5 Бердяев Н.А. Истоки и смысл русского коммунизма. М. 1990. С. 93. 89.

6 Эта вера в распорядительные возможности власти (гениально выраженная Тыняновым в реплике Николая Второго из «Малолетнего Витушишникова»: «Я прикажу инженерам быть честными!») многим иностранцам кажется совершшенно иррациональной. Не будем, однако, забывать, что в политарном российском обществе государственный аппарат при всей своей конечной неэффективности мог делать много такого, что не снилось самым восторженным почитателям этатизма на Западе — контролировать наличие или отсутствие бород на лицах поданных, регламент их половой жизни, длину и ширину брюк и т.п. и т.п.

Неудивительно, что в исторической памяти самых широких народных масс живы воспоминания о правителях, умевших добиваться исполнения любых, самых идиотских приказов, что подспудно рождает и поддерживает надежду на безусловную исполнимость приказов «умных», ведущих к общему благу. Вера во всевластие «умной силы», «добра с кулаками», способного сделать всех граждан честными и трудолюбивыми, хозяйственными и компетентными (с публичным наказанием «саботажников») становится, увы, еще не ушедшей в прошлое народной основой тоталитаризма. Опорой этой веры нередко является опыт политического правления тиранов, хоть и не способных сделать людей честными, но умевших страхом парализовать общество настолько, что в нем вместе с малейшими гарантиями безопасности исчезали видимые признаки разврата и лихоимства.

7 Как известно, многие философы, художники, ученые рассуждали и рассуждают о тайнах «загадочной русской души», которой «не хватает» обыденных радостей жизни — скучно работать, есть, пить и развлекаться «просто так», не задаваясь вопросом о целях своего бытия в мире, не пытаясь озарить его неким надличностным смыслом, включить в «мировую цепь причин и следствий».
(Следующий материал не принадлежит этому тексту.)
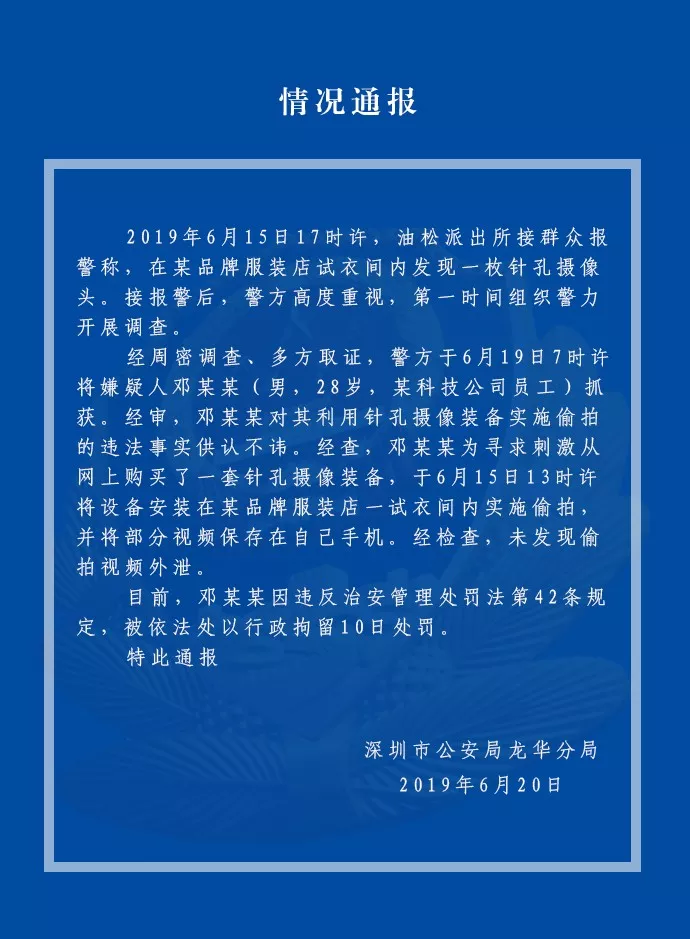 相關(guān)報(bào)道:最新!深圳優(yōu)衣庫(kù)“偷拍門”:人抓到了!

Конечно, мистифицированные на Западе «загадки русской души» присуши далеко не каждому из россиян, концентрируясь по преимуществу в слое гуманитарной интеллигенции. В стране всегда хватало не только Калинычей, Обломовых и Трофимовых, но и Хорей, Штольцев, и Лопахиных — холодных рационалистов, предпочитающих реальную прибыль цветущему вишневому саду. Едва ли следует абсолютизировать «житейский идеализм» россиян — тем более если речь идет о простом народе, который веками вел жестокую борьбу за выживание, вынуждавшую сочетать христианскую нравственность с жесточайшей расправой над конокрадами и прочими похитителями чужого добра.

И все же в статистической выборке житейский идеализм действительно распространен в России значительно шире, чем на Западе. Мы реально сталкиваемся с ним не только в литературе, но и в повседневном общении с живыми людьми — причем не только интеллигентами старой выучки, которые героически пытаются презирать доступные «земные блага»и в условиях отступившего тотального дефицита. Люди идеационального склада встречаются даже в кругах «новой буржуазии», некоторые представители которой — на манер старого русского купечества — стесняются своего богатства, пытаются преуменьшить его не только из-за страха перед рэкетирами или все еще неэффективной налоговой инспекцией. Рефлектирующих философов, убежденных в том, что «не в деньгах счастье», можно встретить даже среди прытких спекулянтов, способных порой на неординарные поступки, совершенно не укладывающиеся в нормы западной коммерческой рациональности (может быть, именно неудовлетворенная идеациональность питает порой неумеренное пьянство, поражающее вполне «благополучных» людей, не имеющих видимых «бытовых» причин для этого порока).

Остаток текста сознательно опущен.